Data for this task:
══════
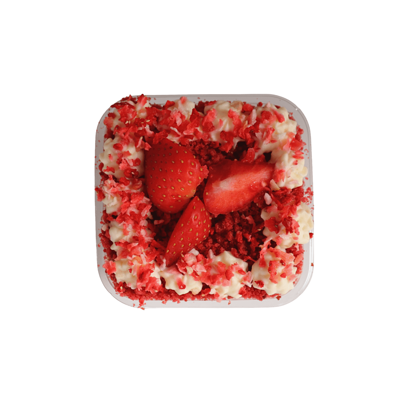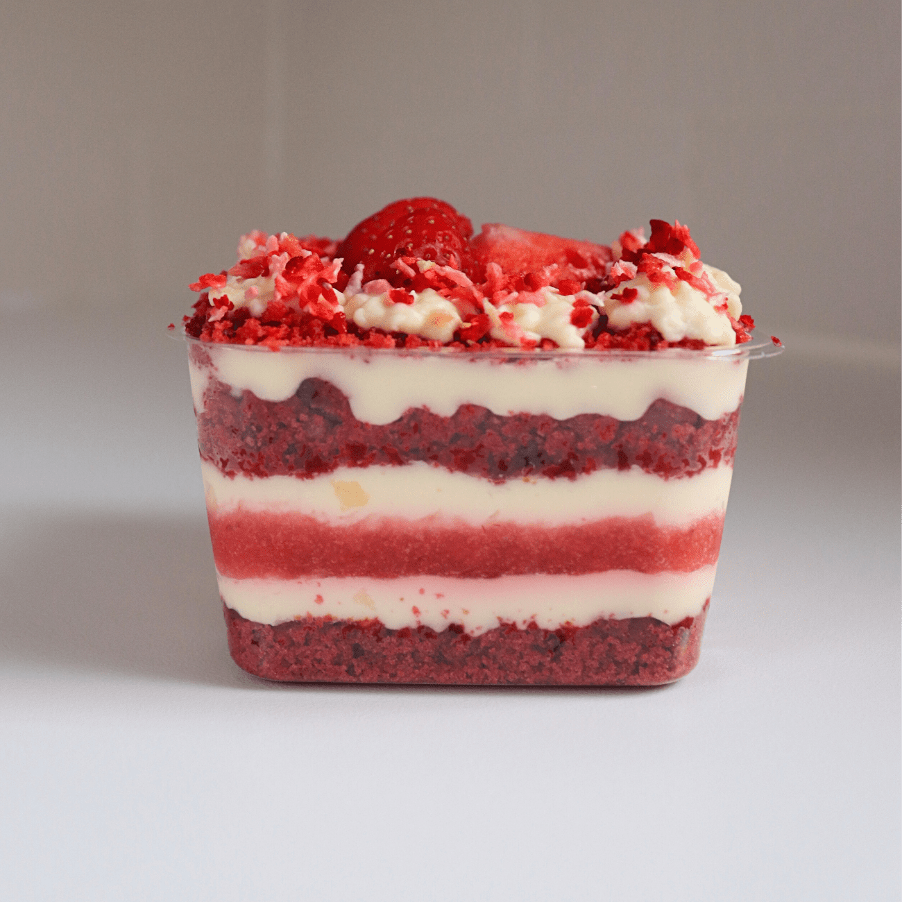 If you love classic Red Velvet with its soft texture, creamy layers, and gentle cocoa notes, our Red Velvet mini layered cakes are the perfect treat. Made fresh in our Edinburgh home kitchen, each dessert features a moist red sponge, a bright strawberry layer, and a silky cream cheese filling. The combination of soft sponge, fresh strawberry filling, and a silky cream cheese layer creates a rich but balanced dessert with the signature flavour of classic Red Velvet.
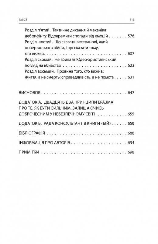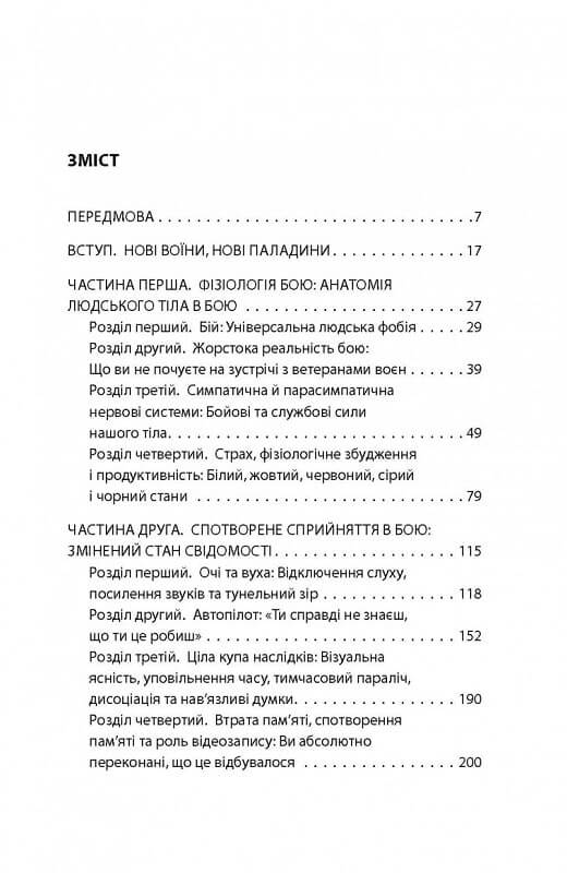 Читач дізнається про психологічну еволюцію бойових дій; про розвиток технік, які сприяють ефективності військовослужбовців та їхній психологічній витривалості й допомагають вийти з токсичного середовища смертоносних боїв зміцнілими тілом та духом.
══════
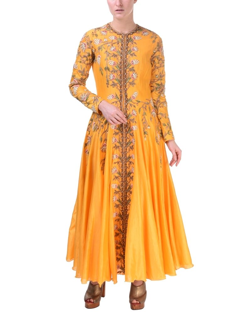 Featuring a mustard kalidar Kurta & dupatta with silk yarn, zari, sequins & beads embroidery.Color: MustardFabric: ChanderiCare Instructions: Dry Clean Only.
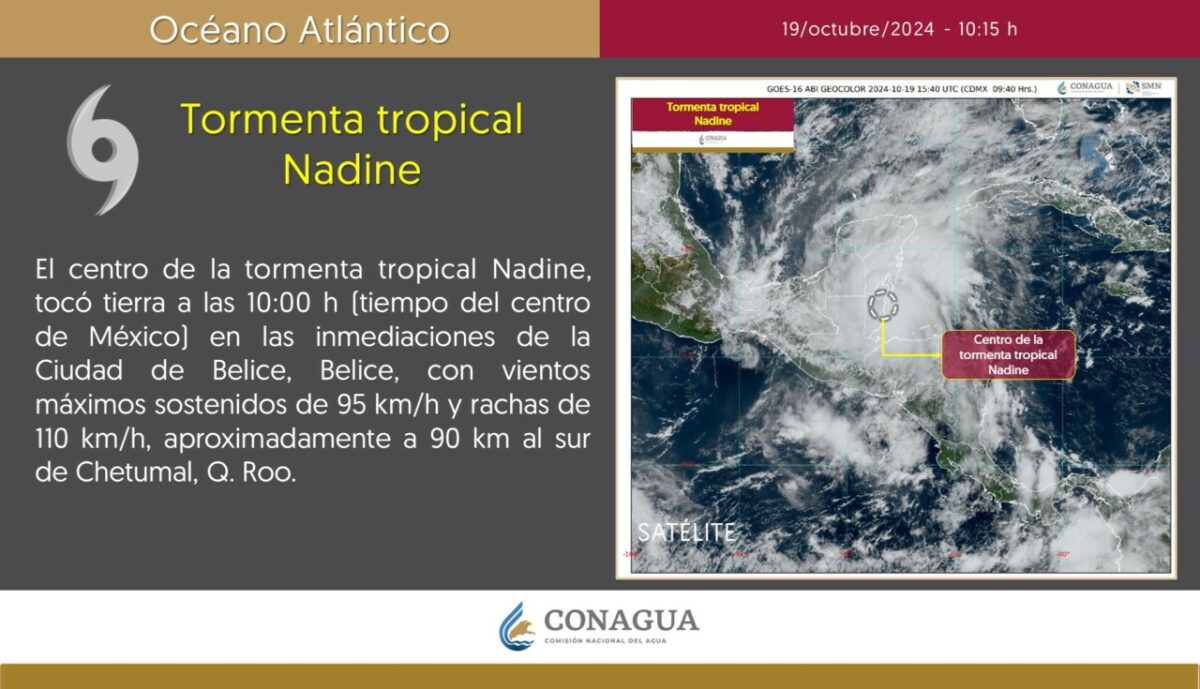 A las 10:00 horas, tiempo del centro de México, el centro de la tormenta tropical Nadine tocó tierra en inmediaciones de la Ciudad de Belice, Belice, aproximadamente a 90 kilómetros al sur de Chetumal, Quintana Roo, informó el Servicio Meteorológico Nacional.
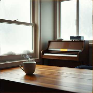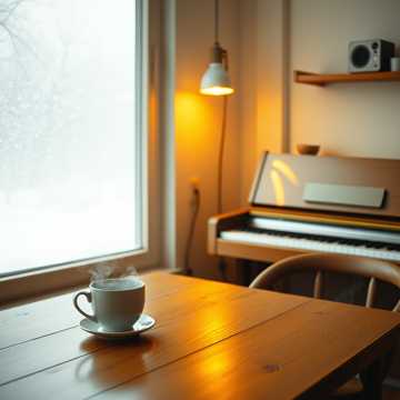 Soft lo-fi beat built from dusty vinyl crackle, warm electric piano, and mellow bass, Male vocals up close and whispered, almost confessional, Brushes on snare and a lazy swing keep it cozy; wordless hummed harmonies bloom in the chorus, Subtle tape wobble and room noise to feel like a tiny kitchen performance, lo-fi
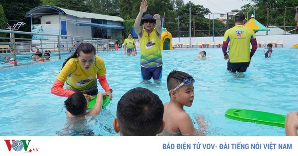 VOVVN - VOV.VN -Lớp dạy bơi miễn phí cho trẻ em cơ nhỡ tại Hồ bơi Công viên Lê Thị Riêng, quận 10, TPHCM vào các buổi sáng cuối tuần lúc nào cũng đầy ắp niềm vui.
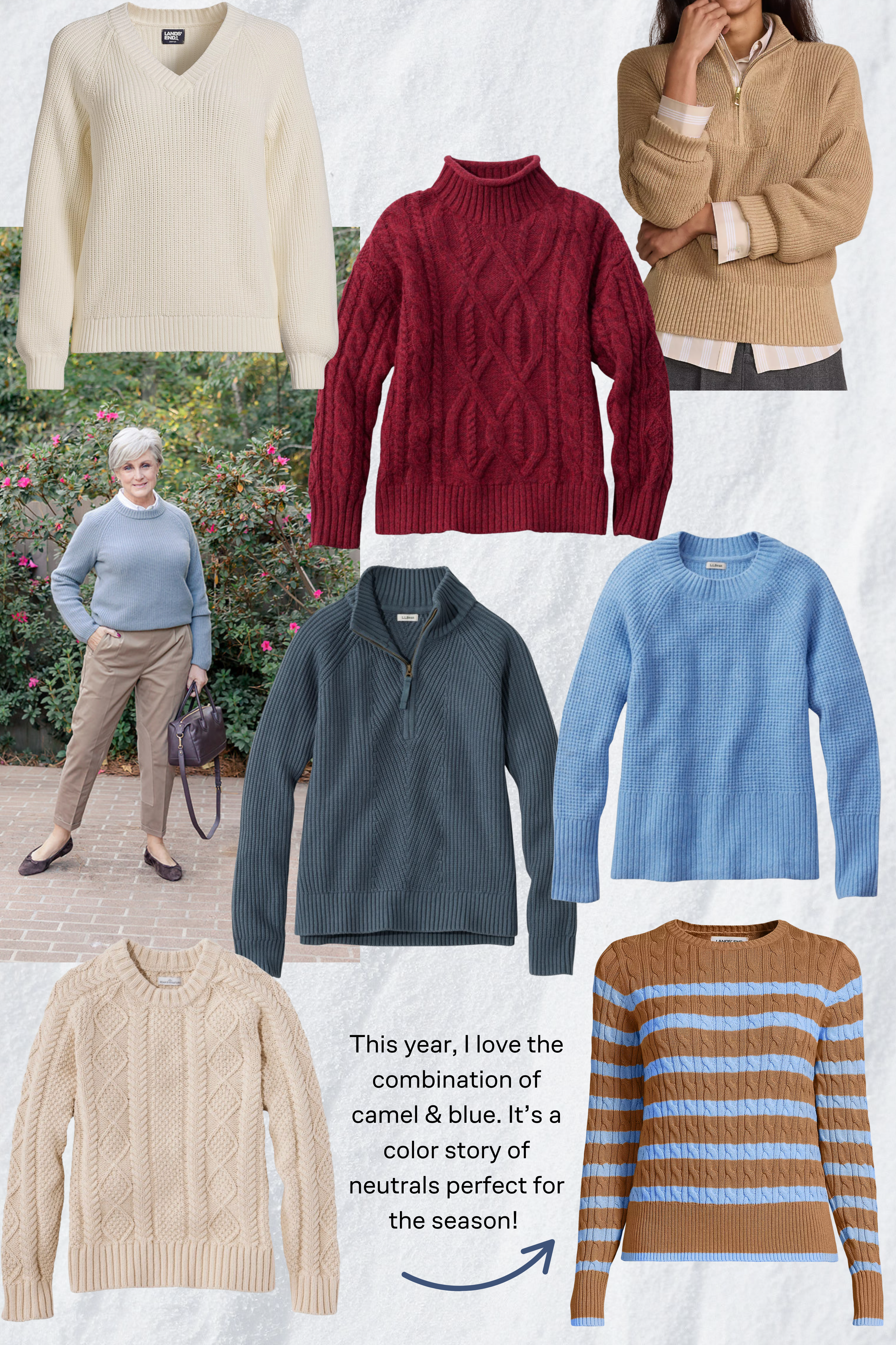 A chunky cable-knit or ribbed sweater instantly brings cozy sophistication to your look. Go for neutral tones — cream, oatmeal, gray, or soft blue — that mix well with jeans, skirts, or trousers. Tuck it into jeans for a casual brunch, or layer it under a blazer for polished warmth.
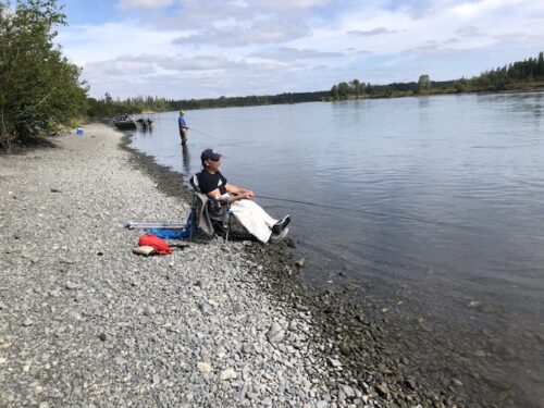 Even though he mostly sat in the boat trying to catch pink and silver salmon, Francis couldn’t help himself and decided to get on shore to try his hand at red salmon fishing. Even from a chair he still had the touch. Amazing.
══════
Your goal: When you reach the line containing "A chunky cable-knit" in the entries above, begin restating word for word, and stop once the line containing "Even though he" has been given. Omit the pictures.

Exercise answer:
 A chunky cable-knit or ribbed sweater instantly brings cozy sophistication to your look. Go for neutral tones — cream, oatmeal, gray, or soft blue — that mix well with jeans, skirts, or trousers. Tuck it into jeans for a casual brunch, or layer it under a blazer for polished warmth.
 Even though he mostly sat in the boat trying to catch pink and silver salmon, Francis couldn’t help himself and decided to get on shore to try his hand at red salmon fishing. Even from a chair he still had the touch. Amazing.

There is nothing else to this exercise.